La rafale n’est pas toujours celle qu’on croit

Depuis peu "Le Rafale" fend les airs et s’exporte fièrement. Depuis longtemps "La Rafale", pour les marins, s’emporte et se vend trop bien. Elle s’affiche dans tous les bulletins météo, elle délie toutes les langues, elle taquine tous les anémomètres. Quand, au bistrot, on raconte ses exploits, c’est toujours elle que l’on invoque : « Nous avons eu jusqu’à 43 nœuds ».
Mais il y a mistoufle
Officiellement, alors que le vent normal correspond à une moyenne sur 10 minutes, la rafale est une accélération brusque moyennée sur une demi-seconde. C’est une vitesse maximale instantanée.
Le marin lui parle d’un renforcement brutal et passager. La rafale n’est pas si instantanée que ça puisqu’elle change le comportement du bateau. Le voilier se couche respectueusement sous la rafale. L’anémomètre en tête de mât n’est plus à la verticale, il subit des accélérations et mesure n’importe quoi, ou presque.
Mais bon, le marin ressent cette accélération et doit savoir l’exprimer. Il parlera de «rafales» en ayant estimé que la vitesse instantanée dépasse de 10 à 15 nœuds le vent moyen, de «fortes rafales» lorsque la différence atteint 15 à 25 nœuds et de «violentes rafales» lorsqu'elle dépasse 25 nœuds.
Autant dire qu’on ne devrait pas parler si souvent de rafales. Mais surtout on ne devrait pas faire l’amalgame avec la rafale officielle, celle à pompon rouge que mesurent les sémaphores de la Marine Nationale perchés en haut de leur point de vue, et celle, plus consistante, qui descend au ras de l’eau.
En réalité chacun voit rafale à sa porte
Le prévisionniste a pris l’habitude, dans ses bulletins extrêmement détaillés, de mentionner toute accélération du vent, aussi faible soit-elle. L’idée est de donner au régatier une idée de l’humeur du vent. Ses sautes seront-elles insignifiantes ou bénéfiques ou handicapantes ? Cette pseudo-rafale se veut indice.
Le sémaphoriste qui respecte rigoureusement le code OMM (Office Mondial Météorologique) communiquera la vitesse maximale mesurée sur ½ seconde dans l’heure précédente. Sachons interpréter, minimiser, les rafales mesurées au sémaphore qui est situé en altitude et souvent sur un cap pour étendre sa vue de la mer, au détriment d’une mesure représentative du vent de surface en mer.

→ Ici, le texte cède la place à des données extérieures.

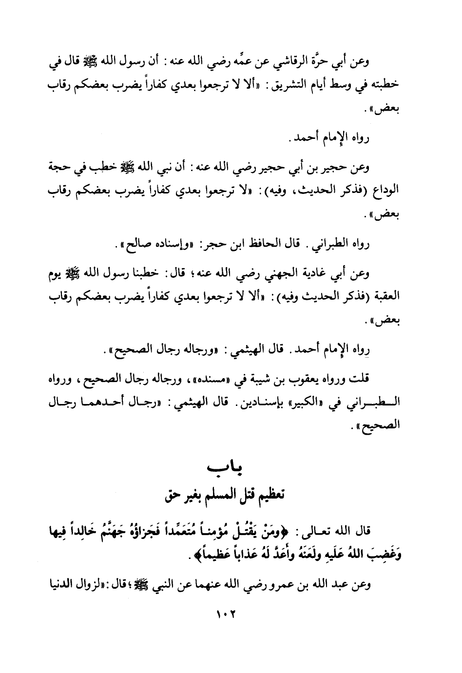 وعن حجير بن أبي حجير رضي الله عنه: أن نبي الله صلى الله عليه وسلم خطب في حجة الوداع (فذكر الحديث، وفيه) : «لا ترجعوا بعدي كفارًا يضرب بعضكم رقاب بعض» .
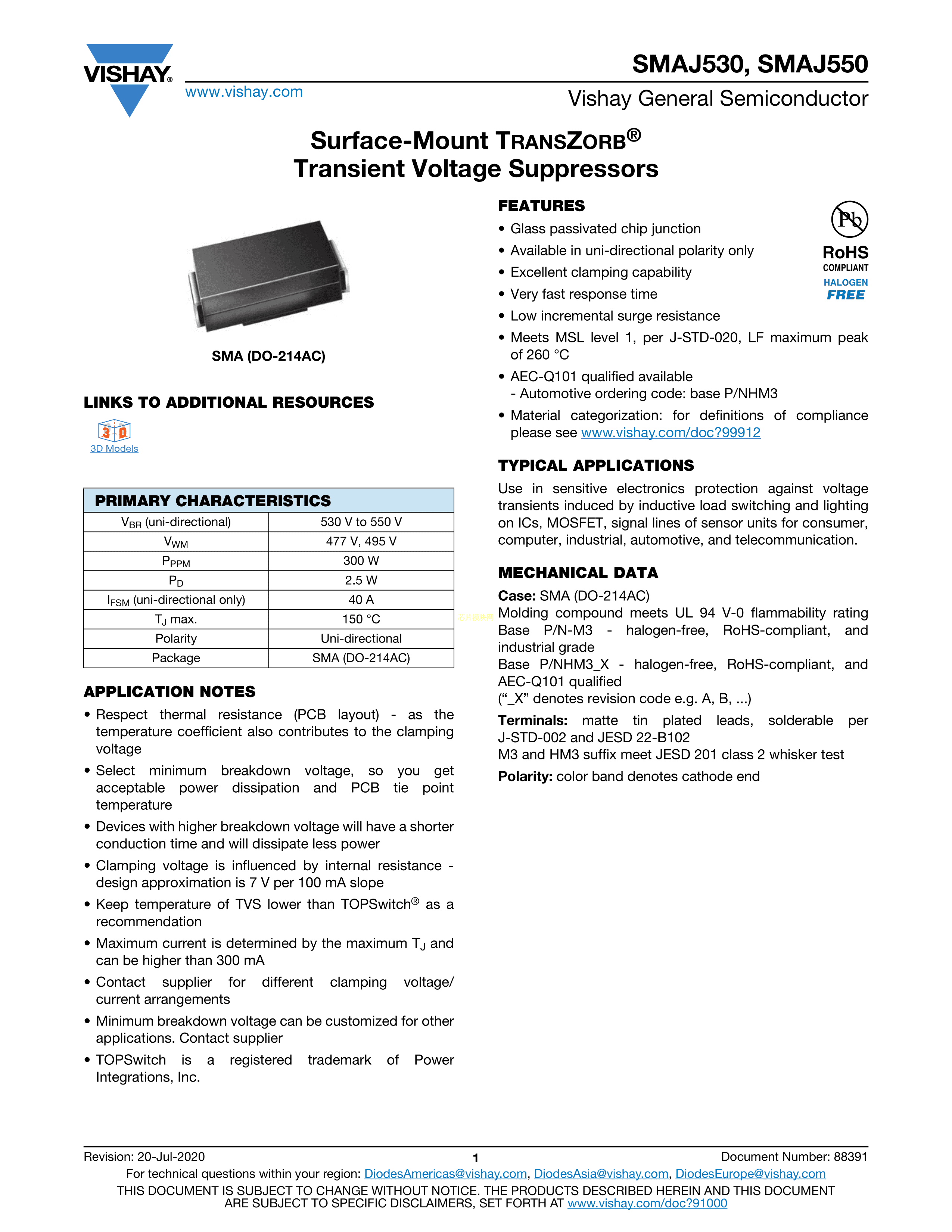 SMAJ530HM3_B-I数据手册DO-214AC封装VISHAY(威世)PDF规格书,中英文下载
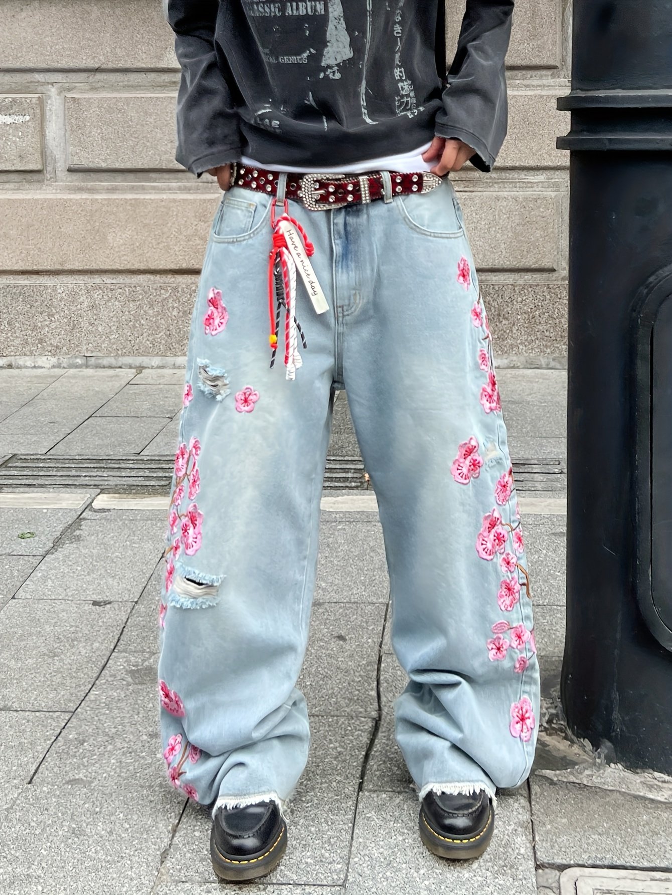 Men's Vintage Streetwear Wide-Leg Overalls Jeans – Heavy-Distressed Denim with Pink Cherry Blossom Embellishment, Mid-Rise Relaxed Fit Floor-Sweeping Trousers No Belt/Hardware, All-Season Casual Wear Machine Washable

Le marin enfin qui vit la rafale comme une accélération beaucoup plus consistante du vent, plutôt mal définie mais qui produit un effet sur son fier navire. On ne ressent pas la rafale de la même façon sur un Optimist et sur l’Hermione.

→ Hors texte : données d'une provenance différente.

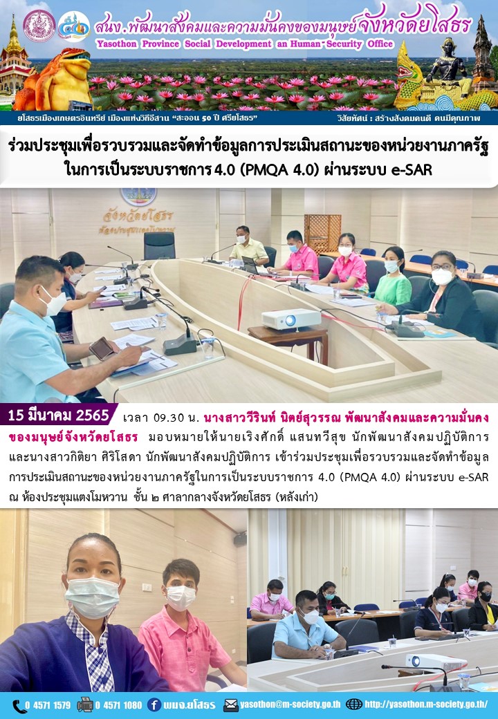 วันที่ 22 มี.ค. 2565 (20:54 น.)วันที่ 15 มีนาคม 2565 เวลา 09.30 น. นางสาววีรินท์ นิตย์สุวรรณ พัฒนาสังคมและความมั่นคงของมนุษย์จังหวัดยโสธร มอบหมายให้นายเริงศักดิ์ แสนทวีสุข นักพัฒนาสังคมปฏิบัติการ และนางสาวกิติยา ศิริโสดา นักพัฒนาสังคมปฏิบัติการ เข้าร่วมประชุมเพื่อรวบรวมและจัดทำข้อมูลการประเมินสถานะของหน่วยงานภาครัฐในการเป็นระบบราชการ 4.0 (PMQA 4.0) ผ่านระบบ e-SAR ณ ห้องประชุมแตงโมหวาน ชั้น ๒ ศาลากลางจังหวัดยโสธร (หลังเก่า)
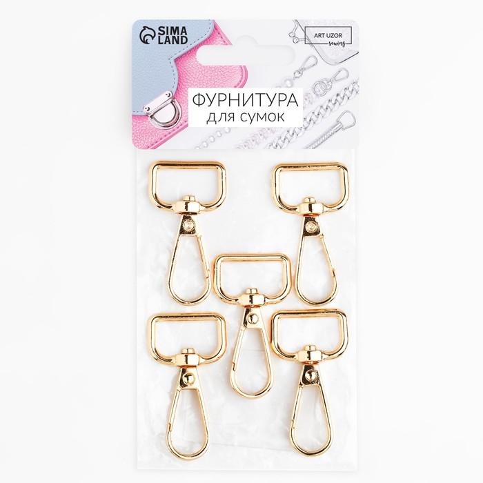 Карабин металлический, 45 × 25 мм / 20 × 3 мм, 5 шт, цвет золотой
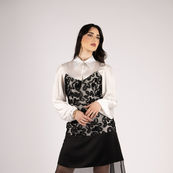 I raffinati ricami in bianco e nero con dettagli in filo d’oro, solcano la superficie setosa del cady e del taffetà per diventare preziosi accessori da indossare come fossero veri gioielli, proprio come le protagoniste inedite e indiscusse della collezione: le cravatte dall’anima femminile arbëreshë.
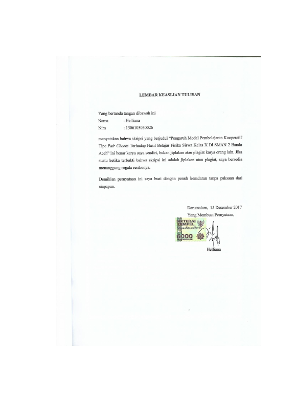 Baca Juga : PENGARUH MODEL PEMBELAJARAN KOOPERATIF TIPE PAIR CHECKS TERHADAP HASIL BELAJAR FISIKA SISWA KELAS X DI SMAN 2 BANDA ACEH (Helliana, 2018)
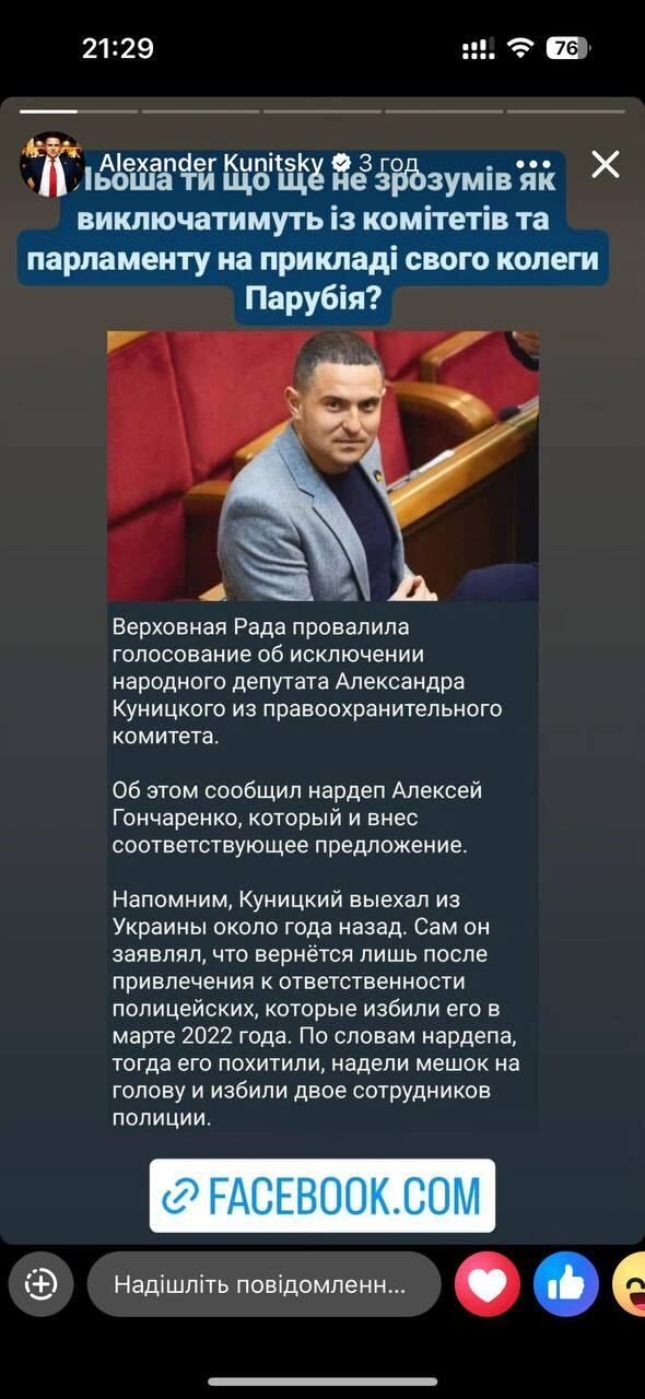 Народний депутат Олександр Куницький, котрий вже тривалий час перебуває за межами України, прокоментував голосування щодо виключення його з Комітету з питань правоохоронної діяльності.
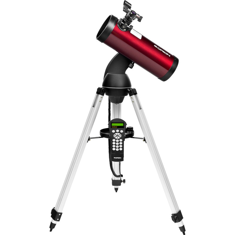 La monture à un bras d'Orion, équipée d'un système GoTo précis et performant, aide même les débutants à réaliser leurs premières observations de manière simple et facile. Finies les recherches désespérées pour localiser l'objet convoité dans le ciel. Finis les manipulations fastidieuses des cartes du ciel pour s'orienter tant bien que mal dans le ciel. La monture pointe automatiquement plus de 42 000 objets, est très simple à aligner à l'aide de deux étoiles et se monte et se démonte facilement. Le boîtier de commande est intuitif, mais n'est actuellement disponible qu'en anglais. La monture ne pèse qu'environ 4 kg et est donc très facile à transporter, même en voyage.

Sur l’eau chacun guettera la rafale et fera avec une panoplie très large. Depuis la risée, qui n’est pas que moquerie, apportant 2 ou 3 nœuds de plus pour nous aider à s’extraire de la pétole jusqu’à la violente importune qui appuiera avec force sur le bateau.

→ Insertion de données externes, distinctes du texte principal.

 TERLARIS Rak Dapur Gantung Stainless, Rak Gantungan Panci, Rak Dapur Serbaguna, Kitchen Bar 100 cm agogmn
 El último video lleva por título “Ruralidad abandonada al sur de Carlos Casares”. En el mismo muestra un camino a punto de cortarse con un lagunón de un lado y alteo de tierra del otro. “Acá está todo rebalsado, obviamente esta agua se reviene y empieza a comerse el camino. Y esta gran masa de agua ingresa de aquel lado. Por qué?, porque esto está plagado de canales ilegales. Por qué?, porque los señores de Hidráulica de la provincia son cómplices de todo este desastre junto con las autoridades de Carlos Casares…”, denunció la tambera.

Dans tous les cas, la mer s’exprimera pour annoncer le passage de la rafale. Dans les calmes la risée s’annonce par de petites rides et un changement de couleur de la mer. Dans le coup de vent, au contraire, il peut arriver que la mer s’étale jusqu’à s’aplatir sous l’effet de la bourrasque.
Si "Le Rafale" fait trop de bruit (110 décibels à l’atterrissage), "La Rafale", quand elle ne vient pas d’une mitraillette, a raison de se faire entendre.
GUST : j’aime bien le mot anglais pour dire rafale. Plus sec, plus instantané, moins répétitif.